**Task goal**
Write out each line below precisely, passing over the pictures.

**Stored data**
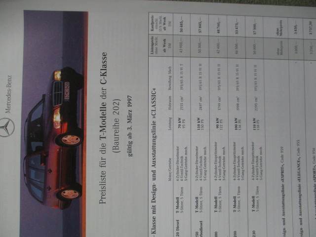 Mercedes Benz C-Klasse T-Modelle W202 C220 diesel C250 TD C180 C200 C230 März 1997
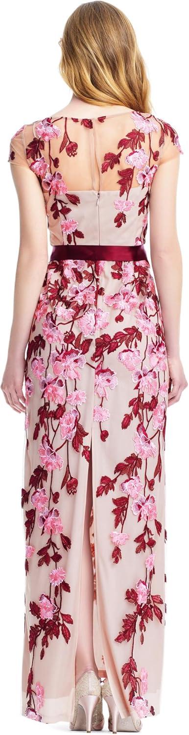 Adrianna Papell Womens Cascading Floral Colmn Gwn(Merlot Multi/Nude)
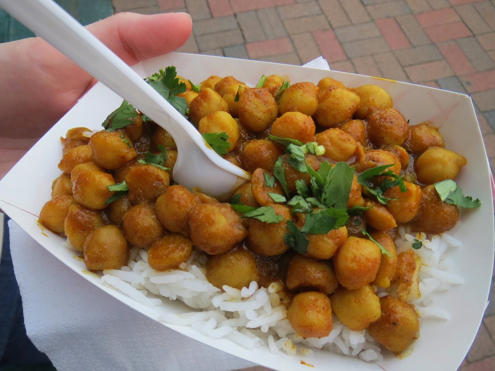 Ok, so it's a little bit too big to be described as a sample tray, but its definitely not a full restaurant-sized serving either. I'm not sure if I should give the truck operators bonus points for adding the extra grub or detract them from disobeying the "sample portions only" diktat, but at the end of the day? I got me some delicious chana masala, which in addition to being filling and flavorful, was given to me by a man with a very pronounced, albeit suspicious, Australian accent. If you think either of those things are negatives in my book, you haven't been paying  good attention to the blog, clearly.

**Answer to this exercise**
 Mercedes Benz C-Klasse T-Modelle W202 C220 diesel C250 TD C180 C200 C230 März 1997
 Adrianna Papell Womens Cascading Floral Colmn Gwn(Merlot Multi/Nude)
 Ok, so it's a little bit too big to be described as a sample tray, but its definitely not a full restaurant-sized serving either. I'm not sure if I should give the truck operators bonus points for adding the extra grub or detract them from disobeying the "sample portions only" diktat, but at the end of the day? I got me some delicious chana masala, which in addition to being filling and flavorful, was given to me by a man with a very pronounced, albeit suspicious, Australian accent. If you think either of those things are negatives in my book, you haven't been paying  good attention to the blog, clearly.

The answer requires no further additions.